#### [Data excerpt]
***
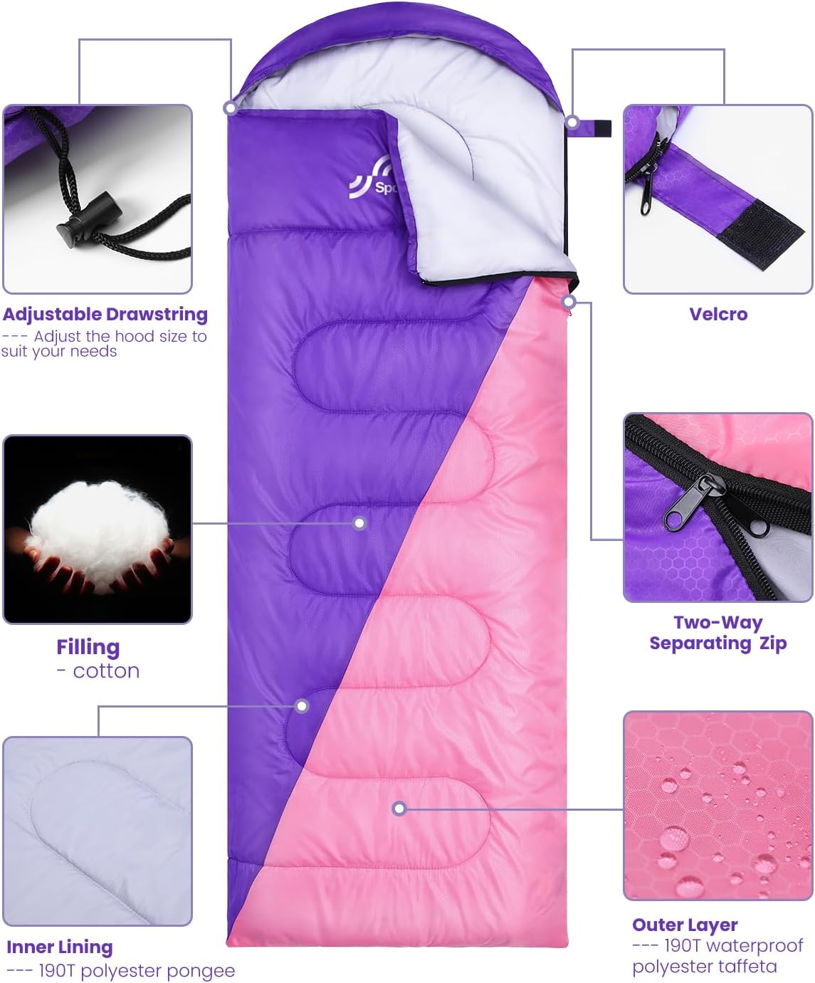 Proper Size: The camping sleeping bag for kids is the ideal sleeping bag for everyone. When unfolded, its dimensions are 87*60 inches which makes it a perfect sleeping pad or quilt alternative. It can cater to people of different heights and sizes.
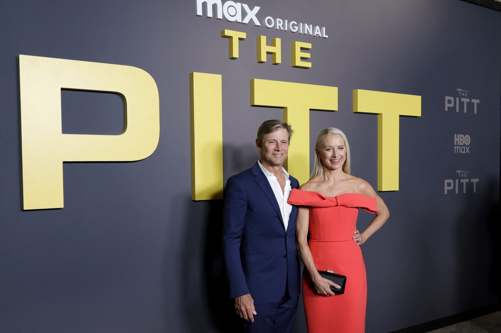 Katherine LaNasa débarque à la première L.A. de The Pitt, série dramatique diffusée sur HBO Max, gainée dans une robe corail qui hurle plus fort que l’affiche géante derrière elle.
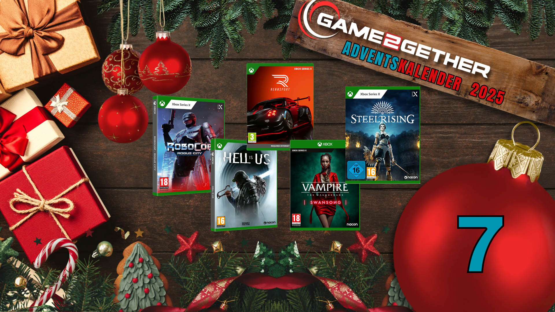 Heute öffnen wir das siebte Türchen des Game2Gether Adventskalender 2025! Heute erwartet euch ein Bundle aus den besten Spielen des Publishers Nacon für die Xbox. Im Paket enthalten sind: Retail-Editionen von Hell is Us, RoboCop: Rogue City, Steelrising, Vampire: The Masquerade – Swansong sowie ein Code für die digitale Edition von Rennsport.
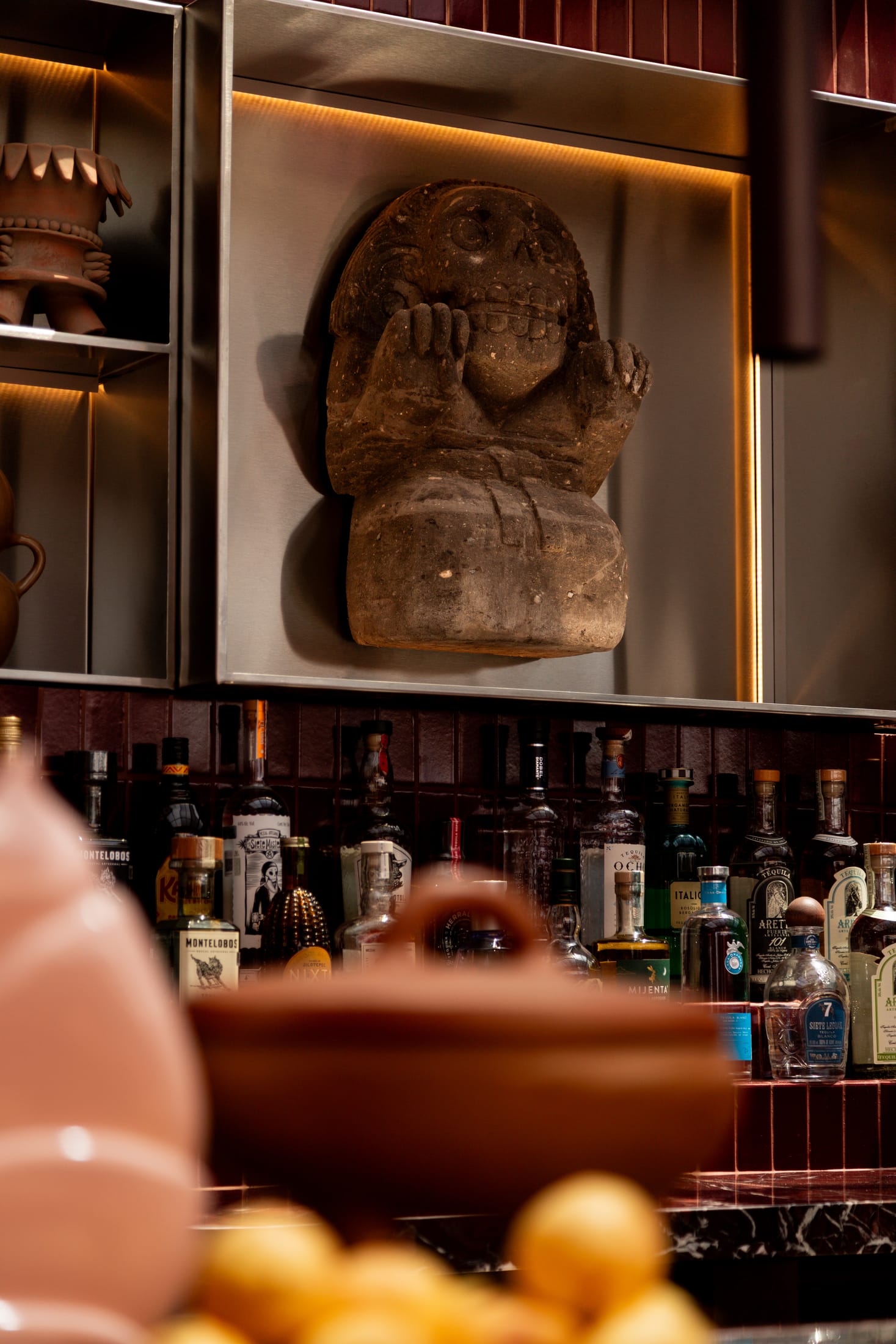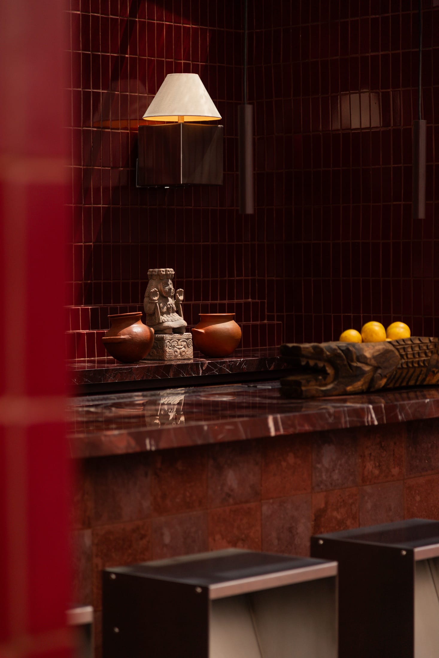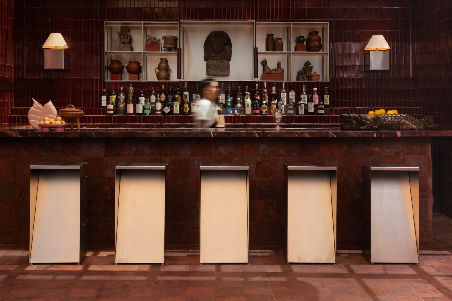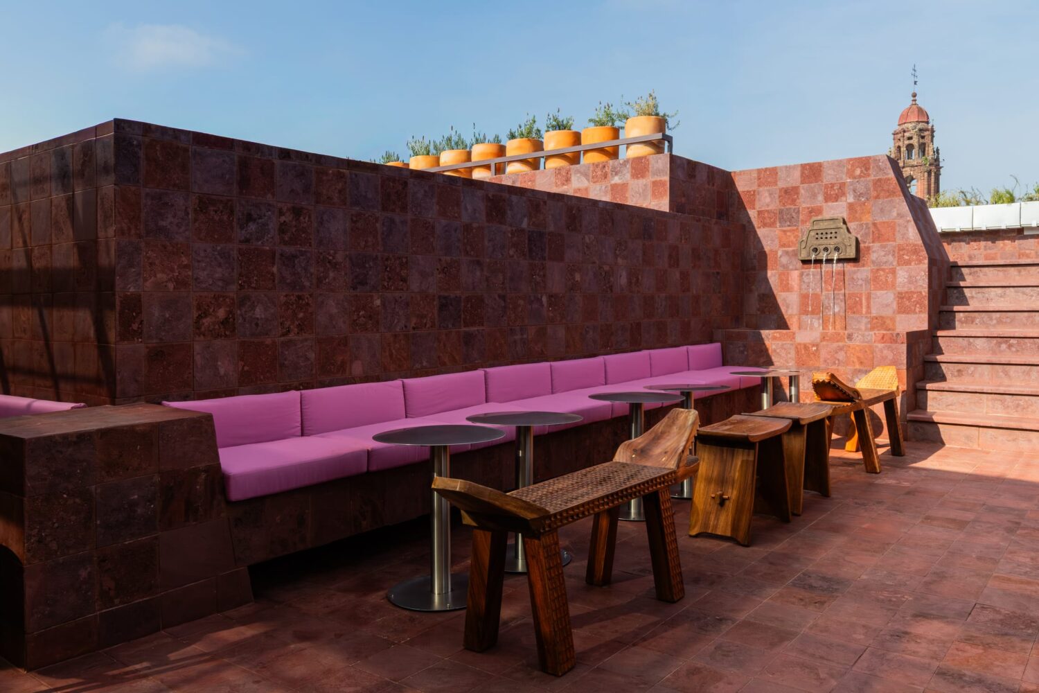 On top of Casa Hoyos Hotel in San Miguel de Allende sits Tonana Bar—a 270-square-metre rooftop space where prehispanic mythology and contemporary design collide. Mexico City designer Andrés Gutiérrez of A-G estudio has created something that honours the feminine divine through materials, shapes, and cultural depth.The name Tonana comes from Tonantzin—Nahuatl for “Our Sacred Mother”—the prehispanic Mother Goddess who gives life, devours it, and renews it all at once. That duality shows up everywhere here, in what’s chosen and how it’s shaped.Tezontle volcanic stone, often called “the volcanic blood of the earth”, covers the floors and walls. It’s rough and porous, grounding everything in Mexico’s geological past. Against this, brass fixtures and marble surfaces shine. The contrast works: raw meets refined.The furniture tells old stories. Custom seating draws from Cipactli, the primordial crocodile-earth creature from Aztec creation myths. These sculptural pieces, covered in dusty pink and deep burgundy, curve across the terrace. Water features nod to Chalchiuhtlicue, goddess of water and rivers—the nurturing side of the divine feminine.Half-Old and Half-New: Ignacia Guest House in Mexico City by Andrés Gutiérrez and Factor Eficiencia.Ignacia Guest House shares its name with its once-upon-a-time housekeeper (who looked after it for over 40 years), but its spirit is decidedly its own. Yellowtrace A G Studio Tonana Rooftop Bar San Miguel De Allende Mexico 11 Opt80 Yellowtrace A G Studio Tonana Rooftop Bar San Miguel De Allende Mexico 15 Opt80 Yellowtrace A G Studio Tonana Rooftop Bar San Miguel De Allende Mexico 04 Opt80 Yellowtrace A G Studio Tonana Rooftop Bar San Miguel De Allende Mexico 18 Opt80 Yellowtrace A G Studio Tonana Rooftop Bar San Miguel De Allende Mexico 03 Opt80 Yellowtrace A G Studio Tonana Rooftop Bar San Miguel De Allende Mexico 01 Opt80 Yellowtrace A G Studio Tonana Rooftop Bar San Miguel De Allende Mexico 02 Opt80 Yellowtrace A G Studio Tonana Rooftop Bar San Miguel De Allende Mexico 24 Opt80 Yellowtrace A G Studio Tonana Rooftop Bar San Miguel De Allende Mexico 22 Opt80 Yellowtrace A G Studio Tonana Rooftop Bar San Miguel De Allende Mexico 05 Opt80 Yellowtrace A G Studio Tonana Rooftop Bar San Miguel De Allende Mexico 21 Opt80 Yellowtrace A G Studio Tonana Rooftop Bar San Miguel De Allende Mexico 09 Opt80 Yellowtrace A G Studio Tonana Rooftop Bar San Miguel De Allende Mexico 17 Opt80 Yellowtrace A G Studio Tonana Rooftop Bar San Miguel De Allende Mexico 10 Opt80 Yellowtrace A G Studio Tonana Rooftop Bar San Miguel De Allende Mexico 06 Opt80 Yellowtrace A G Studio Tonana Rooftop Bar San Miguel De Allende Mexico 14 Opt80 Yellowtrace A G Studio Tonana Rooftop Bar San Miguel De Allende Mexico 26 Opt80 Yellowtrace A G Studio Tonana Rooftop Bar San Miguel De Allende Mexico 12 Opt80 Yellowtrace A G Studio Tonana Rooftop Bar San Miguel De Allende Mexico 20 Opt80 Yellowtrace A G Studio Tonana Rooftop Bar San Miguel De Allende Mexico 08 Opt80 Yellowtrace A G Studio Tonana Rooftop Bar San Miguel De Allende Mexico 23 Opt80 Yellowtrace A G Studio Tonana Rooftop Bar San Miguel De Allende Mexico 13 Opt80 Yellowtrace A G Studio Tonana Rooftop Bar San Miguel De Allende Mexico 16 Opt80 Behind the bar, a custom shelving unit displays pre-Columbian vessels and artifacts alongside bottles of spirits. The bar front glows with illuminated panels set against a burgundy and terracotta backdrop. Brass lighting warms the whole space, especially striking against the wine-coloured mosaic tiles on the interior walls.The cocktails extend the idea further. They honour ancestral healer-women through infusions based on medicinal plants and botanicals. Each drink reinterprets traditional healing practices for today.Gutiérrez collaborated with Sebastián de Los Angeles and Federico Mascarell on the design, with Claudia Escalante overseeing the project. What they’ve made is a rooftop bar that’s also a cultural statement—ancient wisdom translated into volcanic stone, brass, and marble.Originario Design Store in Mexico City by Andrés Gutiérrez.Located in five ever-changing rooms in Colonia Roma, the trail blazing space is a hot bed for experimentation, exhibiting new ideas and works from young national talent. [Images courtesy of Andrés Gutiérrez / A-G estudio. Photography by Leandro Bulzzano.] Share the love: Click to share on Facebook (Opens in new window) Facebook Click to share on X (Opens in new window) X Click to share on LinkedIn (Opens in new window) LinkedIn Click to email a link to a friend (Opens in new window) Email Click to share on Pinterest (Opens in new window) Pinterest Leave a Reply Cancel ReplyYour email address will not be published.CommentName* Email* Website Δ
***
#### [Task requirements]
Exact repetition is the task: every line from the start of the data to the line with "Katherine LaNasa débarque", inclusive, and none after it, pictures omitted.

#### [Solution to the problem]
 Proper Size: The camping sleeping bag for kids is the ideal sleeping bag for everyone. When unfolded, its dimensions are 87*60 inches which makes it a perfect sleeping pad or quilt alternative. It can cater to people of different heights and sizes.
 Katherine LaNasa débarque à la première L.A. de The Pitt, série dramatique diffusée sur HBO Max, gainée dans une robe corail qui hurle plus fort que l’affiche géante derrière elle.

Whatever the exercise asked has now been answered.